そんなことを考えていると、雷鼓が話しかけてきた。
「そういえば園崎。本日学校でも話題であった連続殺人事件だが、君はどう思う」
「どう思うと、言われても、別に何も」
「姉さんが言いたいのは恐らく、感想じゃなくてどんな人物が犯人だと思うかってことなんだと思います」
「そう言われてもな。事件の詳細を知らないから特に分かることはないな」
「それなら、図書館を介してネットや新聞で調べてみないか? くらげはどうだ?」
「うーん。誘ってもらって悪いけれど、私はいいかな。怖いのはちょっと苦手だし」
「そうか。分かった」
こうして俺と雷鼓、そして雪も一緒に事件について調べることになった。
姉弟が前に言っている間、ちょっとした疑問が湧いた。
「どうして彼女は俺に事件について聞いたんだ?」
小声で呟いた言葉をくらげは拾った。
「それはもちろん、調君がミステリー好きだってことを話してたからじゃないかな」
道の途中、俺たちはお互いに好きな本のジャンルを話していた。俺はミステリー、くらげは恋愛小説。雷鼓は純文学、雪は群像劇が好きらしい。
「それはそうなんだが、別にミステリーが好きだからって推理が得意とは限らないだろ」
恋愛小説が好きだからと言って、人の気持ちが分かるとは限らない。泣ける小説が好きだからと言って、悲劇に同情出来るとは限らない。それと同じことだ。
「まぁ私も恋愛小説は大好きだけど経験はないしね。でもまぁ、普通の人よりかは鋭いんじゃないの?」
そんな会話をしつつ、目的地に着いた。
くらげは大きなテーブルに本を積み、ページをめくり続けている。俺は新聞で事件について調べた。とはいえ、あまり大きく載っていないため、年齢、性別、職業に関連性がないことくらいしか情報は得られなかった。
信憑性は新聞と比べると薄いが、備え付きのパソコンを使用して調べることにした。
被害者達の名前を調べると、関連性が見えてきた。
被害者たちは全員、過去現在で未成年者に対する犯罪を行っていたのだ。
監禁。殺人。強姦。売買。切断。主にこれらの犯罪を行っていた。また、被害者によって監禁されていた者によると、助けてくれた人もとい犯人は二人居たらしい。
人によっては犯人をダークヒーロー扱いされている。しかし、未成年を助けているからと言って二人のあだ名が「ロリコンブレード」と「ショタコンブレード」というのはいかがなものだろうか。蔑称がすぎる。
単独犯ではなく、二人で居ることが多いというのは結構良い情報かもしれない。俺はパソコンから離れ、この情報を共有すべく、二人を探した。
しばらく廊下を歩き回っていたがまるで見つかる気配がない。一度くらげのところに戻ろう。そう思うと、先に雷鼓の姿があった。

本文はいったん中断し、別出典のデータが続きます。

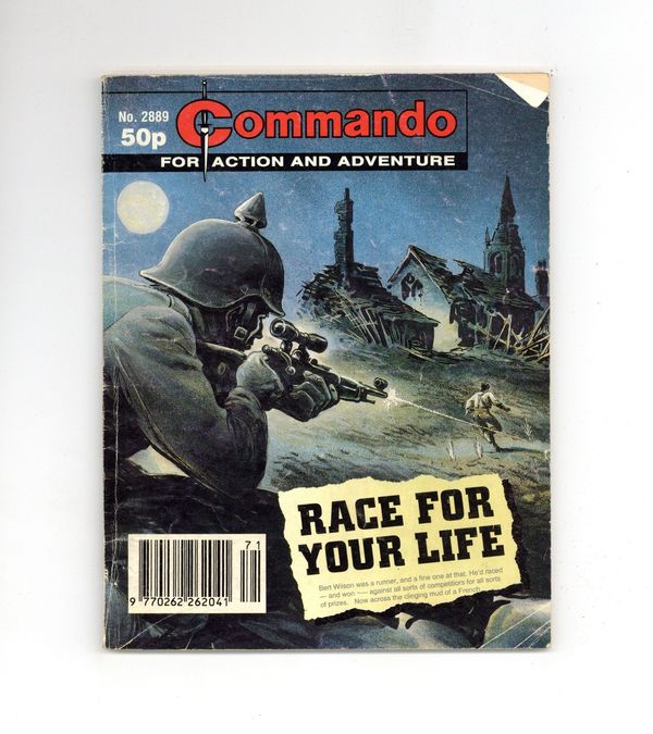 Published Sep 1995 by D. C. Thomson & Co..$5.60Weekly British War comics digest. "Race for your Life" Softcover, 5 1/2-in. x 6 1/2-in., 68 pages, B/W.
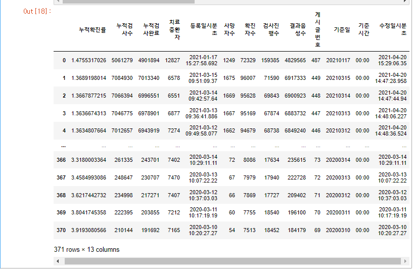 371rows와 13개의 column을 가지고 있는 코로나 관련 공공데이터를 가지고 왔습니다.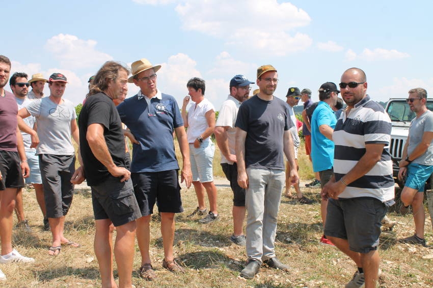 L’après-midi fut consacrée à la visite de plateformes et à la présentation de leurs résultats sur le thème « Stratégie de protection phytosanitaire sans CMR, économes en intrants et d’alternatives au désherbage chimique ». Sous une chaleur accablante, au beau milieu du vignoble, les viticulteurs stoïques devant les effets de la canicule écoutèrent les commentaires de Thierry RICHOUX, du domaine éponyme, sur les expériences menées sur ses parcelles.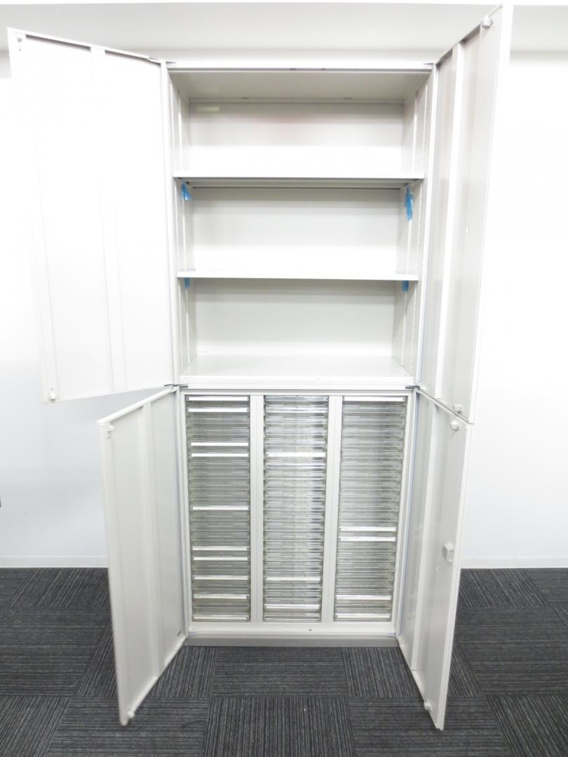 【希少セット入荷】【上下書庫セット】 イナバ製 上置き:両開き 下置きクリスタルトレー(3列22段)(薄型)- 春日部・越谷店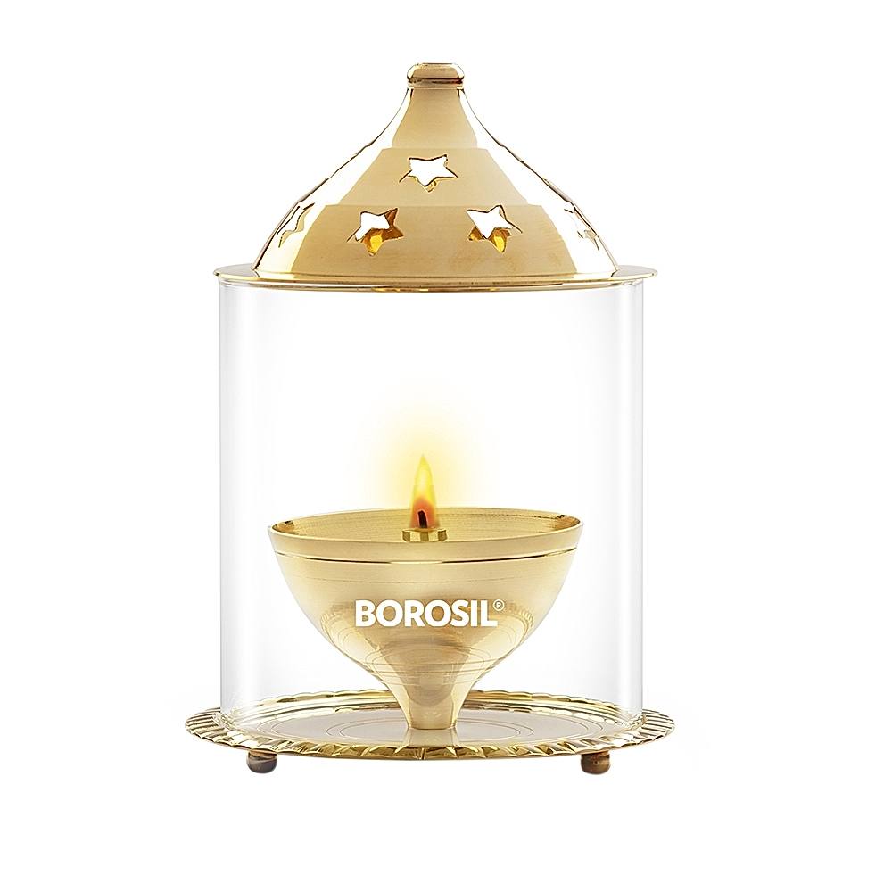 Description - Material : Brass - Type : Akhand Diya - Colour : Golden - Weight : 452 gms - Dimension : 30 mm X 30 mm X 70 mm - Size : Large Key Features Made of Borosil's unique borosilicate glass composition, the Akhand Diya: - Does not get hot even after long hours of repeated burning - Has increased clarity and emits brighter light due to the high quality of glass - Unlike regular glass, will not crack even after repeated usage - Is designed to allow easy cleaning and refilling of oil - Is extra resistant to thermal shock - Is designed to allow easy cleaning and refilling of oil - Has an economical cost of burning per hour - Is safer than an open flamed diya, and can be used even when the fan is on Pack Contents - Brass Borosil Akhand Diya Large : 1 Unit Care Instructions - Clean the glass with a sponge and liquid soap - Wash the diya with Pitambari cleaning powder & wipe with a dry cloth Freebie - Free : Cotton wicks & Pitambari

手を振るも彼女は黙ったまま、曲がり角に行ってしまった。
仕方がないので追いかけると、そこには通路も何もなく、ただの真っ暗な行き止まりだった。
なんで彼女はあんなところに行ったのだろうか? 周りを見ても居ない。
その時、背中が異常に熱くなった。後ろを見るとそこには
俺をナイフで刺す雷鼓と、それを見ている雪の姿があった。
「悪いな調。悪いとは思ってないが、死んでくれ」
鼓動が早くなり、呼吸がいびきのように、潰れ、そしてかすれている。
俺は、死ににくくはあるが、死なないわけではない。冷たさが身体を動かすのを阻む。目が段々と、閉じていく。
誰かの声が聞こえる。俺は生きているのか? どうやら急所は免れたようだ。目を開けると、真っ白な天井が見えると同時に、泣いているくらげが起き上がった俺に抱きついてきた。